Differences in Contested and Uncontested Divorce

Authored by Pam Hawley in Divorce
Published on 06-24-2009

Divorce is a lengthy and often painful process. Even when both spouses want to divorce, numerous issues must be resolved. The ability of you and your spouse to resolve those issues without going to trial determines whether you will have an uncontested or a contested divorce.

Uncontested divorces usually proceed with more speed and less emotional and financial ramifications than contested divorces. To determine whether you’re heading towards an uncontested or a contested divorce, ask these questions:

  • Do we both want this divorce, or is one party hoping for reconciliation?
  • Do we both understand our finances enough to negotiate resolution of debts and division of property and assets?
  • If children are involved, can we agree on child custody, support, care and visitation arrangements?
  • Can we keep anger, resentment or desire for revenge from impacting our settlement discussions?
  • Do we trust each other to be completely honest about family, financial and property issues?

If neither of you seek reconciliation and you can answer “yes” to all the other questions, then you have a good shot at an uncontested divorce. You may have many issues to work through, but you feel you can do so without the court’s intervention.

Some couples assume that in an uncontested divorce they will not need to hire lawyers. While this may be true for you, it is not always the case. Like contested divorce, an uncontested divorce requires you to navigate a complex legal system. Lawyers can help you through this process.

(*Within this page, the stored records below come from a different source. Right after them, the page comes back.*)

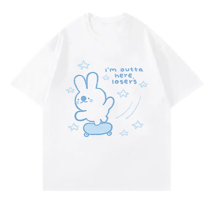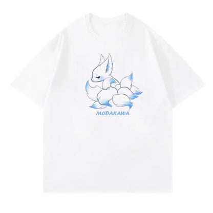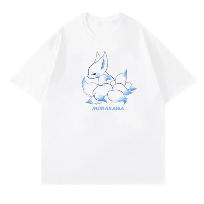 Cartoon Fox Letter Print T-Shirt Blue Pantskirt
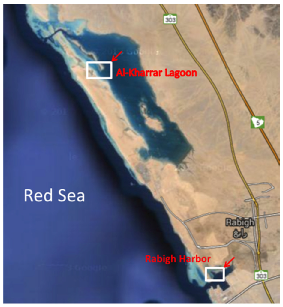 - Al-Washmi, H. Sedimentological Aspects and Environmental Conditions Recognized from the Bottom Sediments of Al-Kharrar Lagoon, Eastern Red Sea Coastal Plain, Saudi Arabia. J. KAU Mar. Sci. 1999, 10, 71–87. [Google Scholar] [CrossRef]
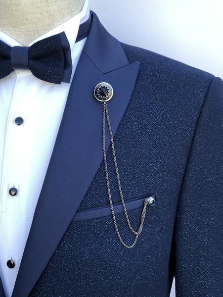 A single pin that is usually placed towards the top of the tie is small and elegant for every style and not that noticeable. Perfect if you don’t like flashy style but still want a little pop to your wardrobe these are perfect for you! Usually secured with a clasp, chain in the back, or using a long pin they are simple and fast to use.
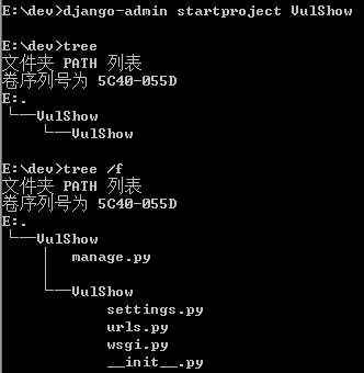 使用django-admin startproject VulShow 命令创建一个名为VulShow的『项目』。其相应的目录结构如下:
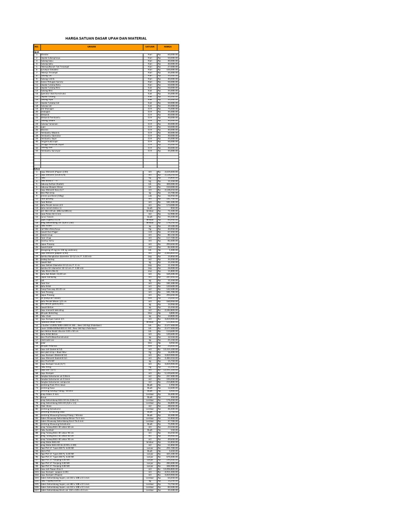 Harga Upah dan Material Konstruksi
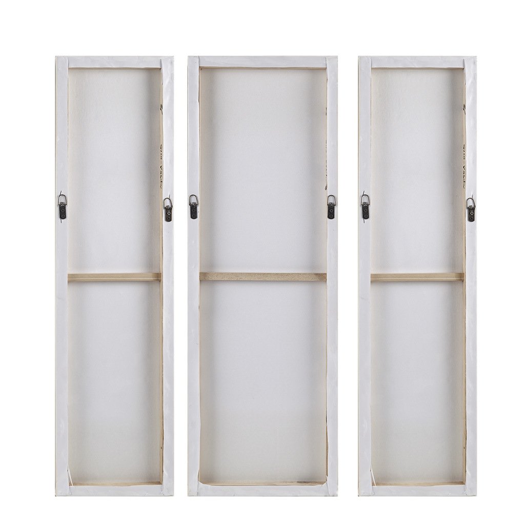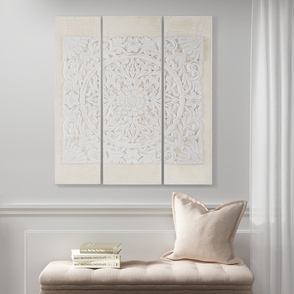 Hang our Madison Park Mandala Triptych 3-piece Dimensional Resin Canvas Wall Art Set on your wall to create a unique focal point in your space. An intricate carving design with the look and feel of wood is made from durable resin, then attached to the embellished canvas and set among each piece of this 3PC wall decor. The embellished canvas is featured in an off white washed tone and purposefully distressed, adding a rustic charm to the look. Globally inspired, this alternative wall decor adds a stunning texture and unique boho touch to any room in your home.
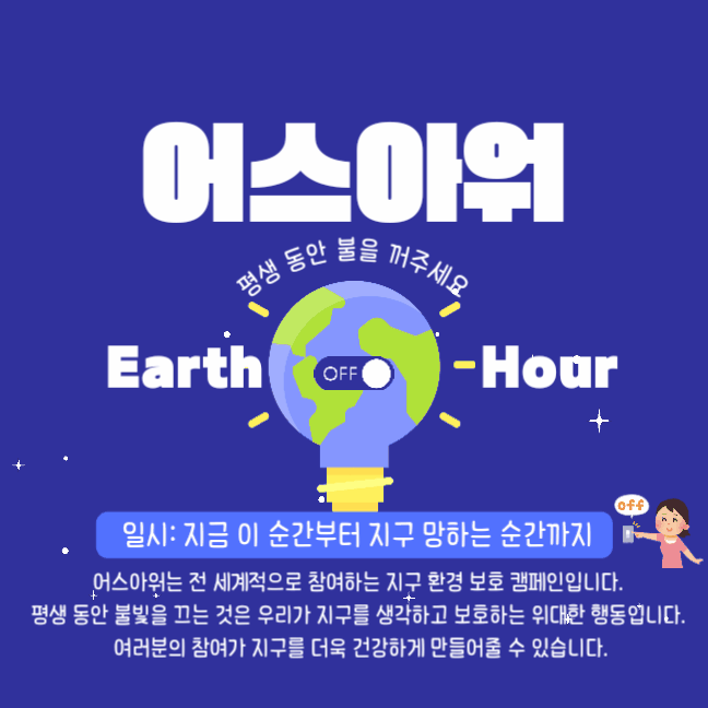 그럼 한 시간동안 전깃불을 꺼서 지구를 보호하는 캠페인에 참여하는 행동을 '어스아워(Earth Hour)'라고 하던데, 이 참에 지구가 망하는 그 순간까지 전기를 아예 쓰지 않는 캠페인을 벌이도록 하자!
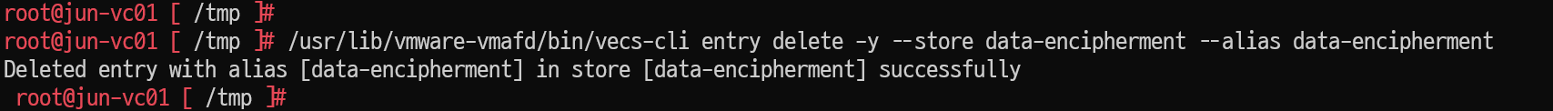 > /usr/lib/vmware-vmafd/bin/vecs-cli entry delete -y --store data-encipherment --alias data-encipherment
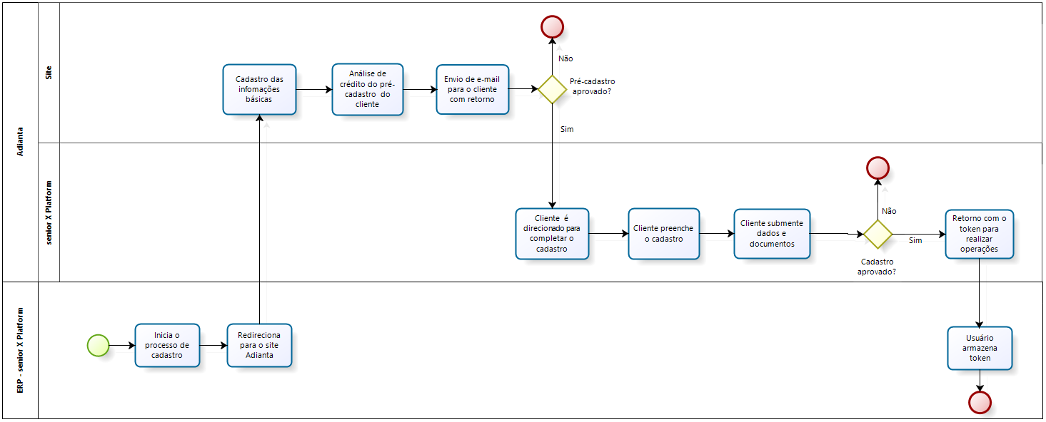 Fluxo dos processo de integração da Senior com a Adianta
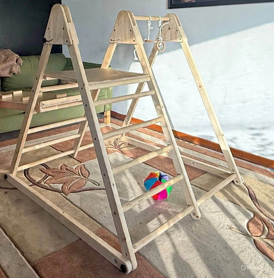 Versatile wooden climbing frame play set. Has multiple configurations for climbing and play. Comes with a slide/ramp, pull up rings and a baby swing. All wood material. Super clean and sturdy for indoor fun.
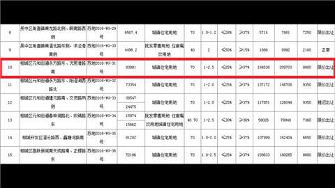 相比于这两幅地块竞拍得不温不火,高新区浒关的两幅地块竞争激烈。位于桑园路的39号地块起拍楼面价为6656元每平方米,经过113轮竞价,楼面单价达14067元,溢价率达111.33%,超过最高溢价率110%,最终按照苏州出台的土地限价令流拍。同样位于浒关罗家湾路的41号地块,经过120轮竞价后,楼面单价为15071元每平方米,价格也远超限价,交易中止,竞价结果无效。

In an uncontested divorce you and your spouse work together, with your attorneys if you have them, to complete a written divorce settlement. Your divorce settlement must completely address your agreed-upon resolutions to child care arrangements, payment of debts, and division of property.

An uncontested divorce requires agreement across the board. For example, if you and your spouse can settle on all other issues but cannot agree on how to deal with existing debts, your divorce cannot be considered uncontested. If you do not reach a point where you can write a mutually accepted resolution on each issue into your divorce settlement agreement, you will need court intervention.

If you run into snags in reaching complete agreement, you might still be able to avoid a contested divorce. You, your spouse and your attorneys can meet with a mediator who can help you come to a resolution and finalize your divorce agreement.

Some spouses know from the beginning that their viewpoints and expectations are far too different to reach settlement without court intervention. In these circumstances, or when you find along the way that you cannot come to mutually acceptable arrangements on everything, then you will face a contested divorce. In a contested divorce you will need to have a judge rule on those areas about which you cannot agree. While this is the only option in some divorces, it does mean you and your spouse may have to live with legally decided arrangements that are not the best case scenario for one or even both of you.